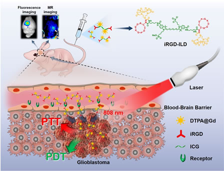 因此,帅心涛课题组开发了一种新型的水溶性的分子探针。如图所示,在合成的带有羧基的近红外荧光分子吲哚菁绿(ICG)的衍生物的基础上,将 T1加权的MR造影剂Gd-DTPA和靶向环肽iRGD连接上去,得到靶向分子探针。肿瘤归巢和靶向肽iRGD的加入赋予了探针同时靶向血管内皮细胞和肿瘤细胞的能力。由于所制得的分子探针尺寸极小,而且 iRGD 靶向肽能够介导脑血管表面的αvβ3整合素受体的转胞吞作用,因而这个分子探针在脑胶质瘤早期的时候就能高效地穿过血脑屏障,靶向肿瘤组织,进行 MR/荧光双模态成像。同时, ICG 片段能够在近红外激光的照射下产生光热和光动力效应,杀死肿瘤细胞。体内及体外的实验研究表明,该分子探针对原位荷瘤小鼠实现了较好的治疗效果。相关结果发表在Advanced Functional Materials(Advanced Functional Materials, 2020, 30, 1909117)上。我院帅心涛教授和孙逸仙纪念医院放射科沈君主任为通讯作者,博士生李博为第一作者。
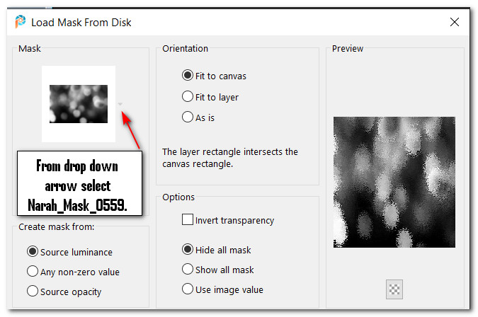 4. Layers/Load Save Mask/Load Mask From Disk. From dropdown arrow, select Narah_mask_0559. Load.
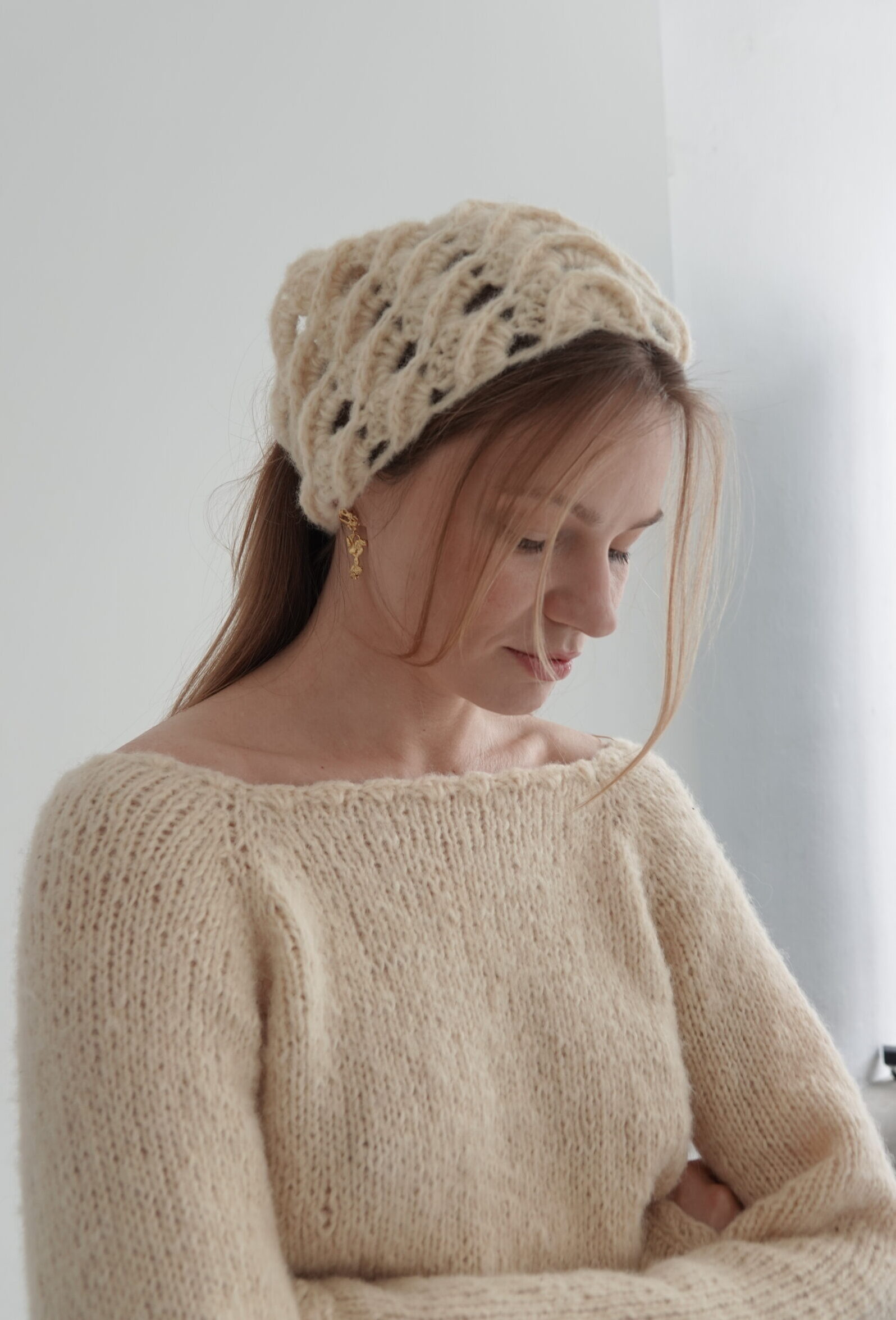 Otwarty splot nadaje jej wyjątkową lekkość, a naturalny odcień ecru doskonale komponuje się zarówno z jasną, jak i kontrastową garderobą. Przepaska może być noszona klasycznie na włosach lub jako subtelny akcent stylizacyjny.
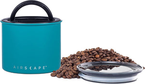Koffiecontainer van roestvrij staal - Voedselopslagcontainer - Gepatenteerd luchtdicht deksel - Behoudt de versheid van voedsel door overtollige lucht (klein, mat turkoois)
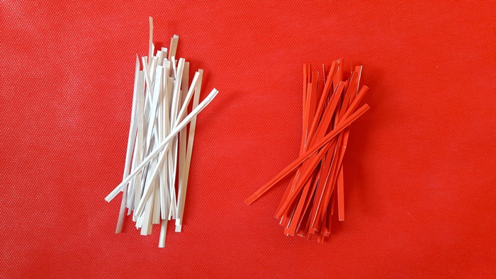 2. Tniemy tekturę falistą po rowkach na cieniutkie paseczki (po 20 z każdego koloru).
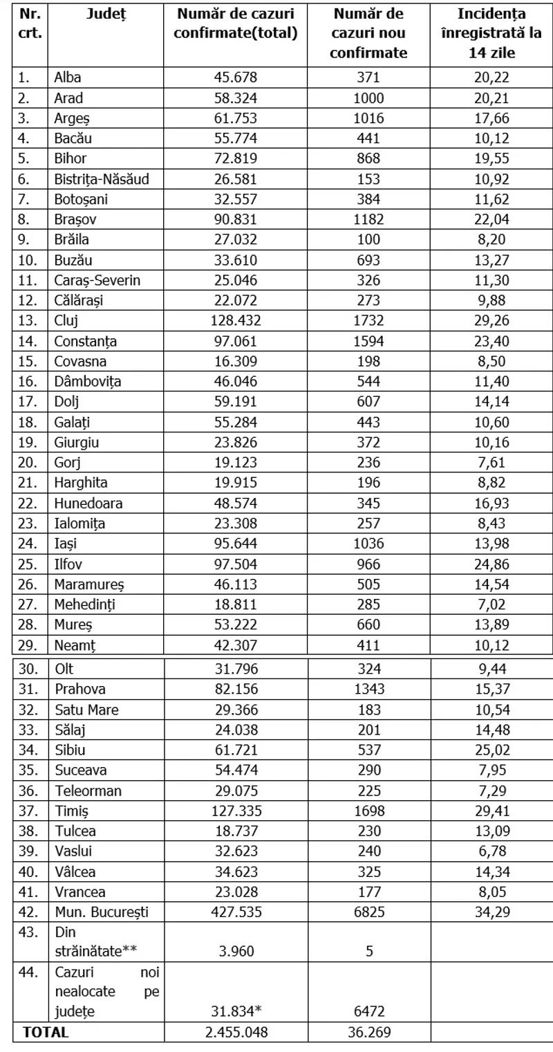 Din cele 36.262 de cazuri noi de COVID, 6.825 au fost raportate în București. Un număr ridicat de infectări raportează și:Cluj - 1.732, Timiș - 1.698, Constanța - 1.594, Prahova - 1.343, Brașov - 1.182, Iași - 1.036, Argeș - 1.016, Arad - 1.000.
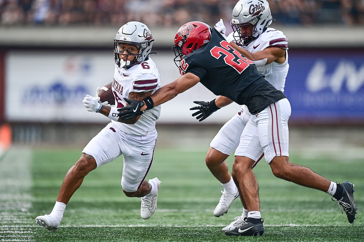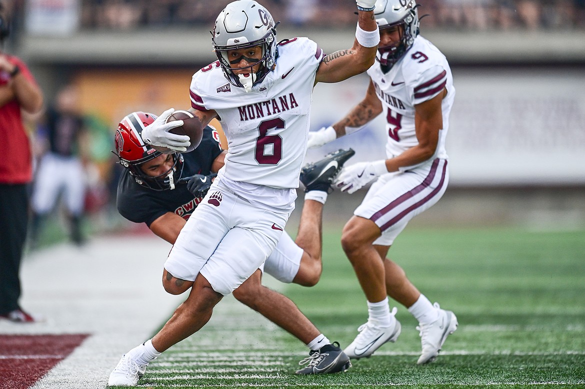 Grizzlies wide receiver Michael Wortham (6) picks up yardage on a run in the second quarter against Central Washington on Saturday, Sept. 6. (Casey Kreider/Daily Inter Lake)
┄┄┄┄┄┄┄┄┄┄┄┄┄┄┄┄┄┄┄┄
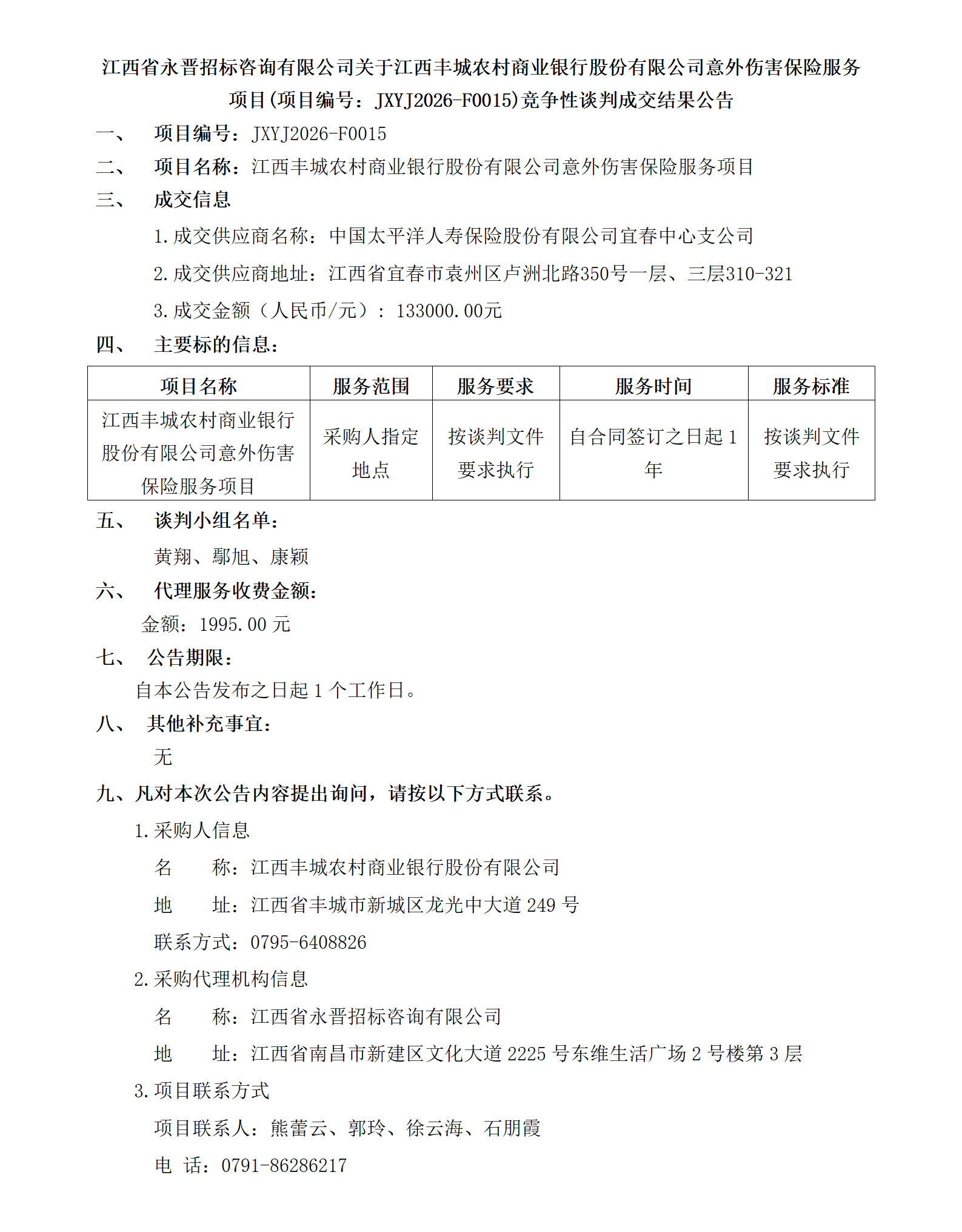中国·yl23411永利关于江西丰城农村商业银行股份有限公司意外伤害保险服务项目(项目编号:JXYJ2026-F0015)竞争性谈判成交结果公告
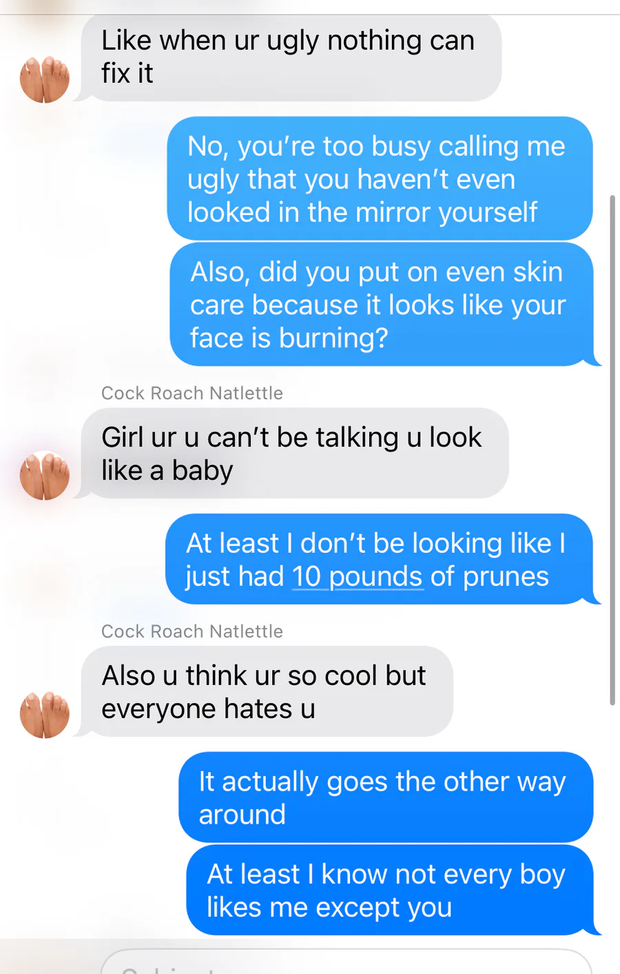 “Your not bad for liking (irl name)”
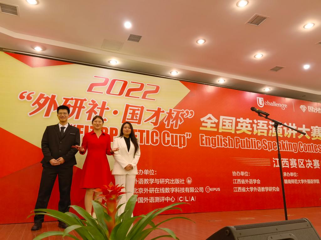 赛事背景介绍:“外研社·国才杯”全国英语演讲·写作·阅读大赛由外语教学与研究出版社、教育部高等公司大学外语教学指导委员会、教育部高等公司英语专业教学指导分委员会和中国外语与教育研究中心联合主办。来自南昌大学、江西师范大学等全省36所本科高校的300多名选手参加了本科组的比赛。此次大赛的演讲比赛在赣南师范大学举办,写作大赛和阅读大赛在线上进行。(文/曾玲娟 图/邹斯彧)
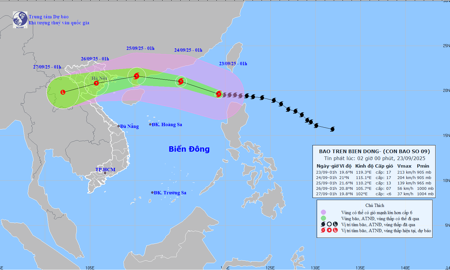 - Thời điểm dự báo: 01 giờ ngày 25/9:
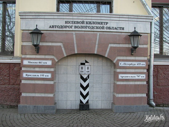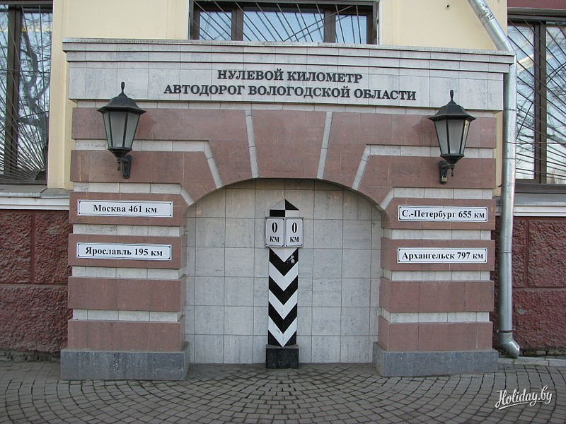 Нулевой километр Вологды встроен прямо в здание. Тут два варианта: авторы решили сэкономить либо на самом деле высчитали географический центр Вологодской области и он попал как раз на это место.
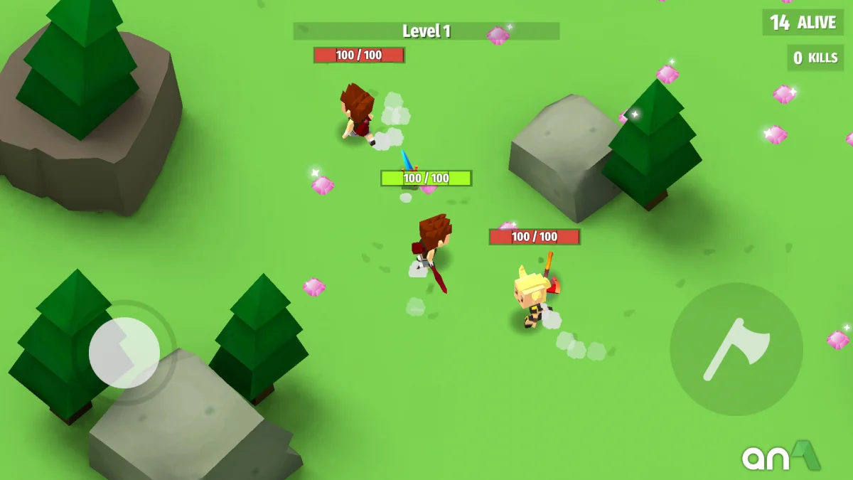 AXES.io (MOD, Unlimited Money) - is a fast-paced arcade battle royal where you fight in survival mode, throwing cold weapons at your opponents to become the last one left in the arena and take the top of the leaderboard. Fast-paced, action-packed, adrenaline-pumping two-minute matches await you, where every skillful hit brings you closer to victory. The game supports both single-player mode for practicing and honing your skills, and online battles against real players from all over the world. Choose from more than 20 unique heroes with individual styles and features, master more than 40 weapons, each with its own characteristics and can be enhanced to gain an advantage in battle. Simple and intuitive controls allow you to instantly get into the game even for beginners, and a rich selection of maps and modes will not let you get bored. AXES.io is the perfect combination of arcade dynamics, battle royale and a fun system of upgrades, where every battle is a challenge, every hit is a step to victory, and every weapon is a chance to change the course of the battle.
┄┄┄┄┄┄┄┄┄┄┄┄┄┄┄┄┄┄┄┄
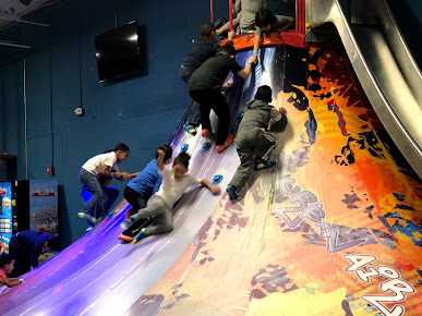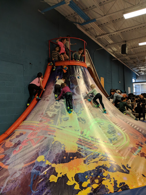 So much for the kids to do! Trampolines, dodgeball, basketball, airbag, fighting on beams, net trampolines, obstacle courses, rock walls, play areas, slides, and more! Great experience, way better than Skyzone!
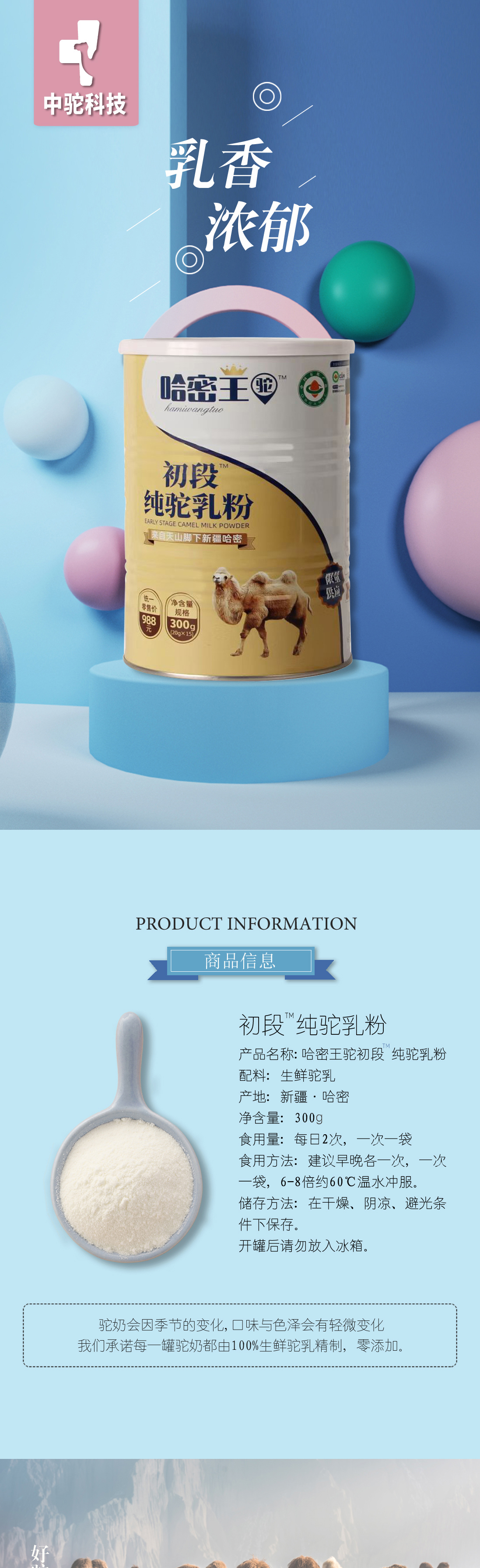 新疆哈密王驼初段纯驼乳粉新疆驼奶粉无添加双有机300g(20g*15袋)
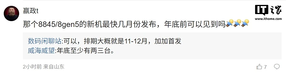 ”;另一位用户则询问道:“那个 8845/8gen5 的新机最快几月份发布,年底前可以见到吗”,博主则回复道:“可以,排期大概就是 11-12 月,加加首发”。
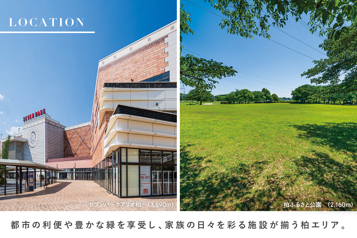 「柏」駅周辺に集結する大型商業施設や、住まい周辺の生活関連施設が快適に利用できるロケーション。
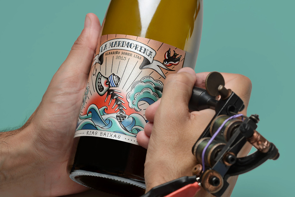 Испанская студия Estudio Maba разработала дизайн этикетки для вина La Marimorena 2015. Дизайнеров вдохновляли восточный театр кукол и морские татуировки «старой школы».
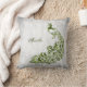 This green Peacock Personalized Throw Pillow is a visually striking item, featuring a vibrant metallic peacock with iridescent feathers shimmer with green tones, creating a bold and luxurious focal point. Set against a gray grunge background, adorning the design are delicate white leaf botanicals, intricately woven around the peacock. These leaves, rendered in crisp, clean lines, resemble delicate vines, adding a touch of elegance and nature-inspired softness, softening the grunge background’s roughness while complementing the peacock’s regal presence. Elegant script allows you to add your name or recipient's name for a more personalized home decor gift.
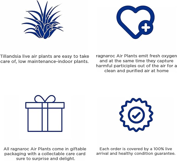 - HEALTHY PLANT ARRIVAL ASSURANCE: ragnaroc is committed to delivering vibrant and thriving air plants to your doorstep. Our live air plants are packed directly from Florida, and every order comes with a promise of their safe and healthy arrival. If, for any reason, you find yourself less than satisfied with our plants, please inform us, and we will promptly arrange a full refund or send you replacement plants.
┄┄┄┄┄┄┄┄┄┄┄┄┄┄┄┄┄┄┄┄
■ Work to complete ■
Using the listing above, restate exactly the range between the lines holding "2020, 30, 1909117)上。我院帅心涛教授和孙逸仙纪念医院放射科沈君主任为通讯作者,博士生李博为第一作者。" and "Grizzlies wide receiver", inclusive, with pictures left out.

■ Answer below ■
 因此,帅心涛课题组开发了一种新型的水溶性的分子探针。如图所示,在合成的带有羧基的近红外荧光分子吲哚菁绿(ICG)的衍生物的基础上,将 T1加权的MR造影剂Gd-DTPA和靶向环肽iRGD连接上去,得到靶向分子探针。肿瘤归巢和靶向肽iRGD的加入赋予了探针同时靶向血管内皮细胞和肿瘤细胞的能力。由于所制得的分子探针尺寸极小,而且 iRGD 靶向肽能够介导脑血管表面的αvβ3整合素受体的转胞吞作用,因而这个分子探针在脑胶质瘤早期的时候就能高效地穿过血脑屏障,靶向肿瘤组织,进行 MR/荧光双模态成像。同时, ICG 片段能够在近红外激光的照射下产生光热和光动力效应,杀死肿瘤细胞。体内及体外的实验研究表明,该分子探针对原位荷瘤小鼠实现了较好的治疗效果。相关结果发表在Advanced Functional Materials(Advanced Functional Materials, 2020, 30, 1909117)上。我院帅心涛教授和孙逸仙纪念医院放射科沈君主任为通讯作者,博士生李博为第一作者。
 4. Layers/Load Save Mask/Load Mask From Disk. From dropdown arrow, select Narah_mask_0559. Load.
 Otwarty splot nadaje jej wyjątkową lekkość, a naturalny odcień ecru doskonale komponuje się zarówno z jasną, jak i kontrastową garderobą. Przepaska może być noszona klasycznie na włosach lub jako subtelny akcent stylizacyjny.
Koffiecontainer van roestvrij staal - Voedselopslagcontainer - Gepatenteerd luchtdicht deksel - Behoudt de versheid van voedsel door overtollige lucht (klein, mat turkoois)
 2. Tniemy tekturę falistą po rowkach na cieniutkie paseczki (po 20 z każdego koloru).
 Din cele 36.262 de cazuri noi de COVID, 6.825 au fost raportate în București. Un număr ridicat de infectări raportează și:Cluj - 1.732, Timiș - 1.698, Constanța - 1.594, Prahova - 1.343, Brașov - 1.182, Iași - 1.036, Argeș - 1.016, Arad - 1.000.
 Grizzlies wide receiver Michael Wortham (6) picks up yardage on a run in the second quarter against Central Washington on Saturday, Sept. 6. (Casey Kreider/Daily Inter Lake)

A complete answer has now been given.